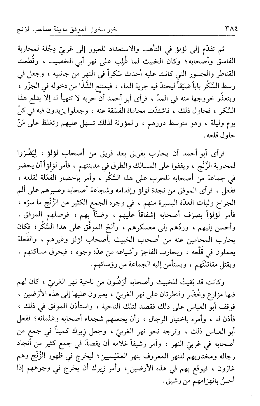 وكانت قد بَقيتْ للخبيث وأصحابه أرَضُون من ناحية نهر الغربيّ، كان لهم فيها مزارع وخُضَر وقنطرتان على نهر الغربيّ، يعبرون عليها إلى هذه الأرَضين، فوقف أبو العباس على ذلك فقصد لتلك الناحية، واستأذن الموفّق في ذلك، فأذن له، وأمره باختيار الرجال، وأن يجعلهم شجعاء أصحابه وغلمانه؛ ففعل أبو العباس ذلك، وتوجه نحو نهر الغربيّ، وجعل زِيرك كمينًا في جمع من أصحابه في غربيّ النهر، وأمر رشيقًا غلامه أن يقصدَ في جمع كثير من أنجاد رجاله ومختاريهم للنهر المعروف بنهر العمَيْسيين؛ ليخرج في ظهور الزَّنْج وهم غارّون، فيوقع بهم في هذه الأرضين، وأمر زِيرك أن يخرج في وجوههم إذا أحسَّ بانهزامهم من رشيق.
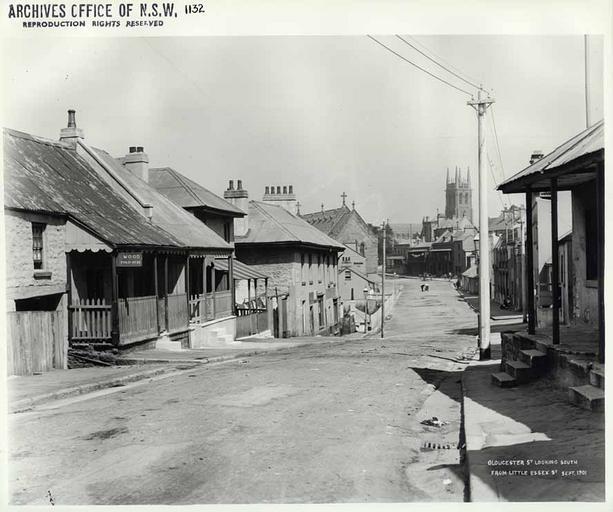 | Keywords: archives state records nsw staterecordsnsw newsouthwales blackandwhite sydney the rocks therocks john degotardi jr. johndegotardijr road building architecture outdoor black and white Title: Gloucester Street looking south from little Essex Street, The Rocks (NSW) [Rocks Resumption photographic survey] Dated: month and year only 01/09/1901 Digital ID: 4481_a026_000206 Rights: No known copyright restrictions www.records.nsw.gov.au/about-us/rights-and-permissions We'd love to hear from you if you use our photos/documents. Many other photos in our collection are available to view and browse on our website using Photo Investigator. Title: Gloucester Street looking south from little Essex Street, The Rocks (NSW) [Rocks Resumption photographic survey] Dated: month and year only 01/09/1901 Digital ID: 4481_a026_000206 Rights: No known copyright restrictions www.records.nsw.gov.au/about-us/rights-and-permissions We'd love to hear from you if you use our photos/documents. Many other photos in our collection are available to view and browse on our website using Photo Investigator. |
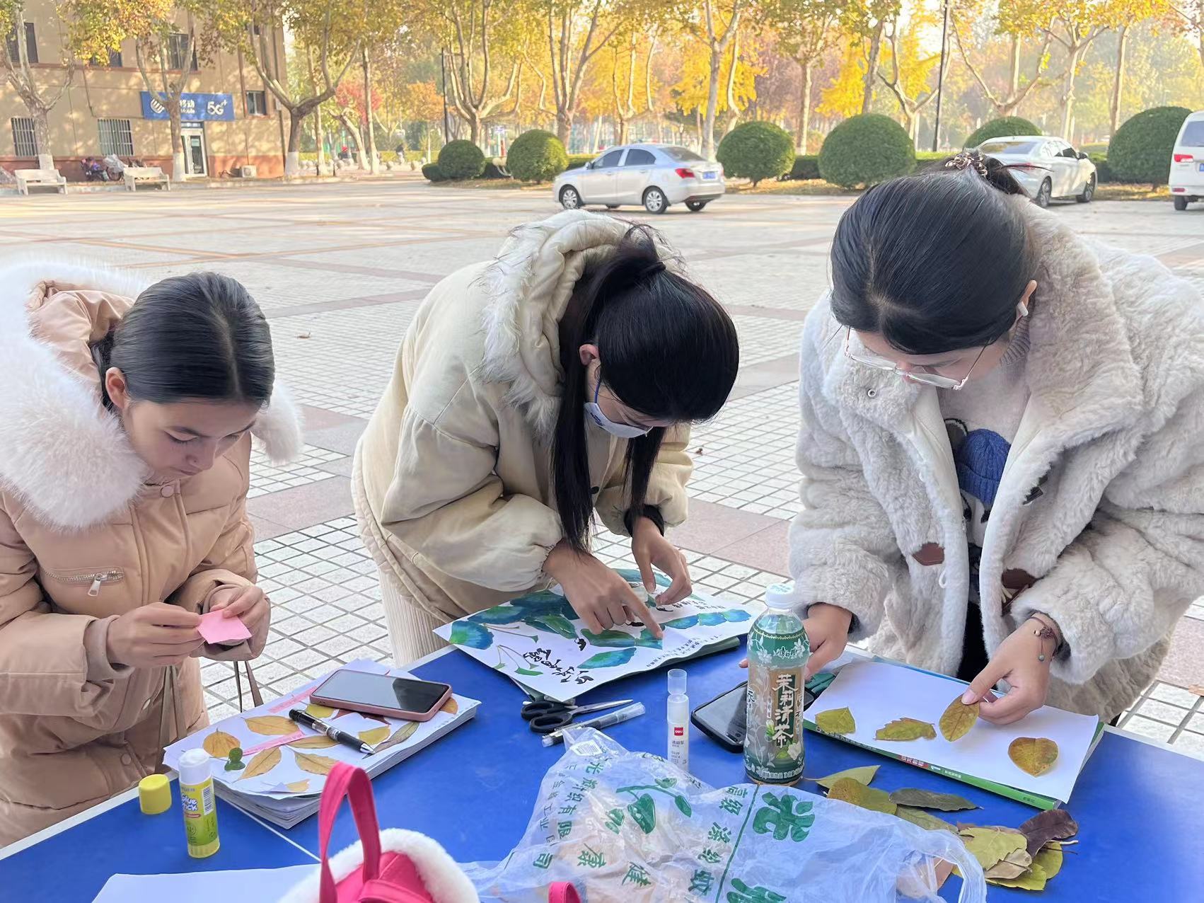 适逢深秋,落叶漫天,为培养同学们德智体美劳全面发展,11月19日四虎 于西校区五四广场举办“落叶成画绘美景 同心喜迎新时代”手工制作活动。
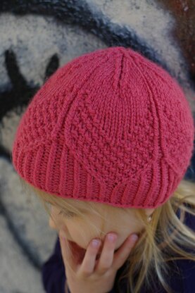 This stylish beanie is simply sweet! Textured motifs that blooms out of the twisted ribbing. A thoroughly enjoyable knit, with plenty of stitch variation.
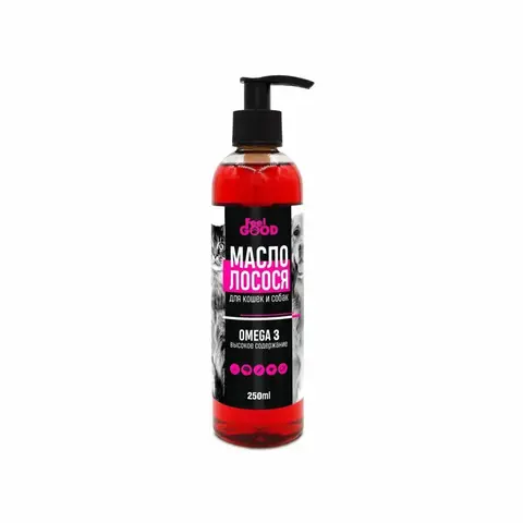 Лакомство масло лосося FeelGOOD - это 100% масло атлантического лосося холодного отжима. Масло лососевое для собак и кошек имеет высокое содержание незаменимых для здоровья животного жирных кислот Омега-3.

:::

## Task item
From the line containing "Photo Investigator. |" through the line containing "This stylish beanie", copy every line above exactly, without pictures.

## Output of the task
 | Keywords: archives state records nsw staterecordsnsw newsouthwales blackandwhite sydney the rocks therocks john degotardi jr. johndegotardijr road building architecture outdoor black and white Title: Gloucester Street looking south from little Essex Street, The Rocks (NSW) [Rocks Resumption photographic survey] Dated: month and year only 01/09/1901 Digital ID: 4481_a026_000206 Rights: No known copyright restrictions www.records.nsw.gov.au/about-us/rights-and-permissions We'd love to hear from you if you use our photos/documents. Many other photos in our collection are available to view and browse on our website using Photo Investigator. Title: Gloucester Street looking south from little Essex Street, The Rocks (NSW) [Rocks Resumption photographic survey] Dated: month and year only 01/09/1901 Digital ID: 4481_a026_000206 Rights: No known copyright restrictions www.records.nsw.gov.au/about-us/rights-and-permissions We'd love to hear from you if you use our photos/documents. Many other photos in our collection are available to view and browse on our website using Photo Investigator. |
 适逢深秋,落叶漫天,为培养同学们德智体美劳全面发展,11月19日四虎 于西校区五四广场举办“落叶成画绘美景 同心喜迎新时代”手工制作活动。
 This stylish beanie is simply sweet! Textured motifs that blooms out of the twisted ribbing. A thoroughly enjoyable knit, with plenty of stitch variation.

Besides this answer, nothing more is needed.